If Nashville singer and multi-instrumentalist Rachel Baiman's debut solo album were a time of day, it would be a warm early evening with the sun waning over the Cumberland River. If you want a record to make you feel good inside, this is it. It has the gentle swagger and loping stride of classic American country music, but with a connoisseur's appreciation of folk, bluegrass, gospel and the blues.

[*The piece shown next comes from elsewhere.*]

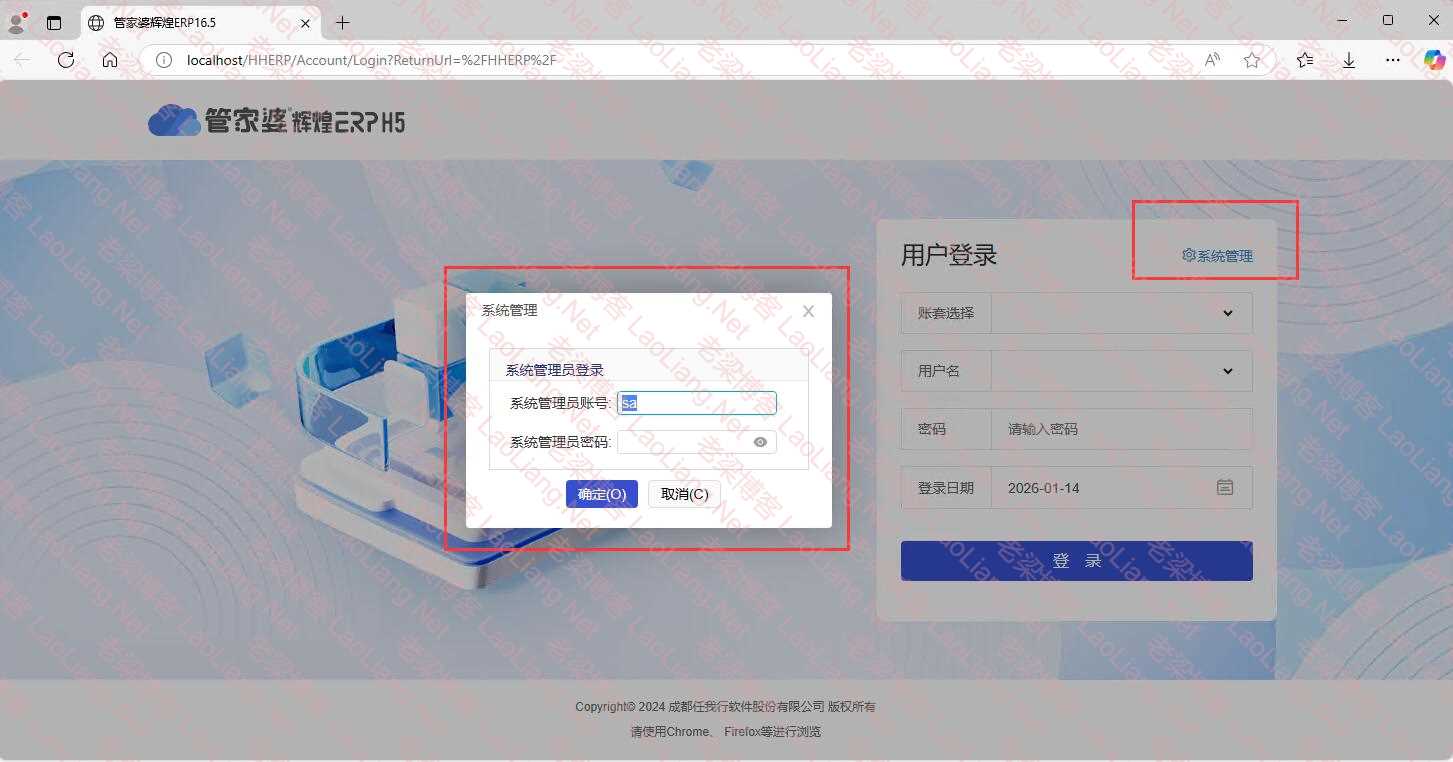 今天有网友找到我说他在Windows 11系统安装了管家婆辉煌ERP H5 16.5,安装都是一切正常,但是安装完成也可正常打开页面,但是点击页面上的“系统管理”就无任何反应,就是下图所示的,不弹出系统管理设置这些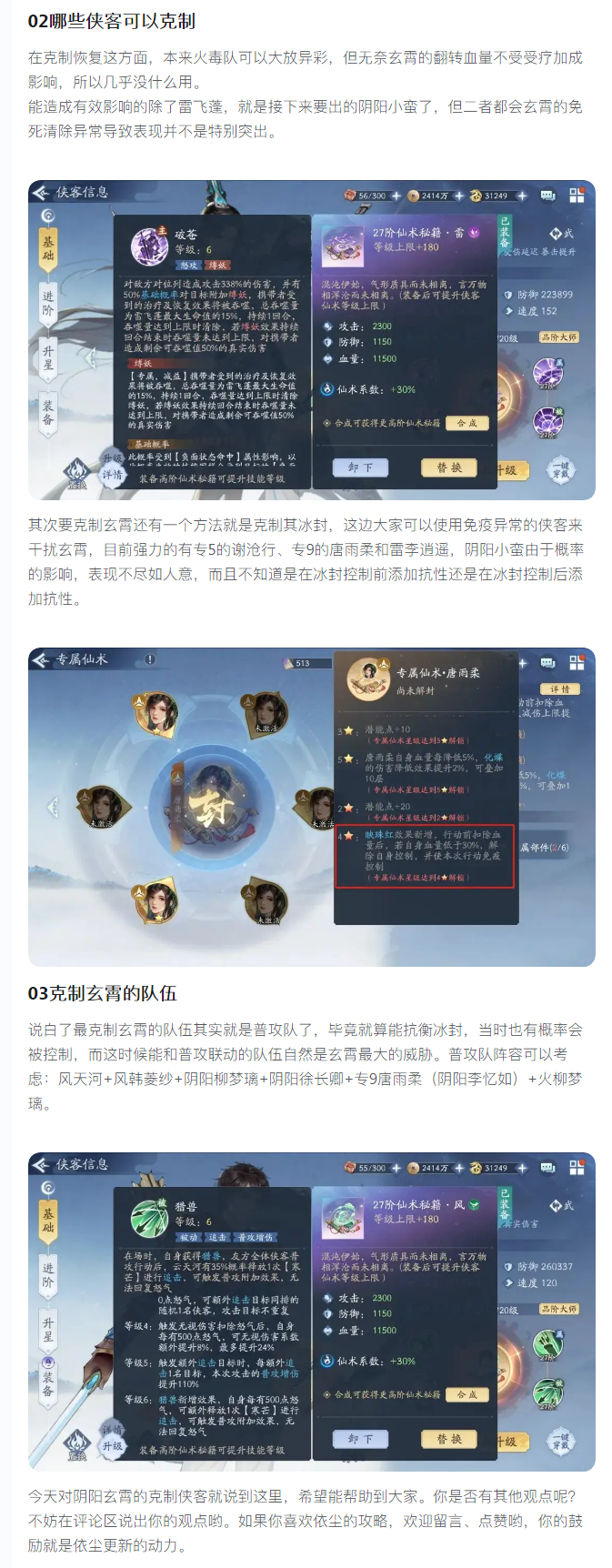 玄霄这个卡在竞技场我个人觉得没什么优势。。。所以这里就不多说了。。。

Having spent four years touring as one half of the Nashville duo 10 String Symphony, Baiman has now teamed up with Mandolin Orange's Andrew Marlin on this project. Marlin produces and plays a fistful of instruments, while the pair are joined by Josh Oliver on guitar. Baiman is an arresting fiddle player – as demonstrated in the lead break on the title-track. She also plays banjo, though there are also a couple of standout contributions from banjo player George Jackson. Save for a take on Andy Irvine's ‘Never Tire of the Road’, these are self-penned works broadly concerned with social justice – yet they are in no way preachy. Rather, the subjects are treated with a sensitivity and lyrical beauty, interspersed with a well-judged humour that lets the light in – as on the wonderful closer ‘Let Them Go to Heaven’ based on a poem by the American writer Ishmael Reed.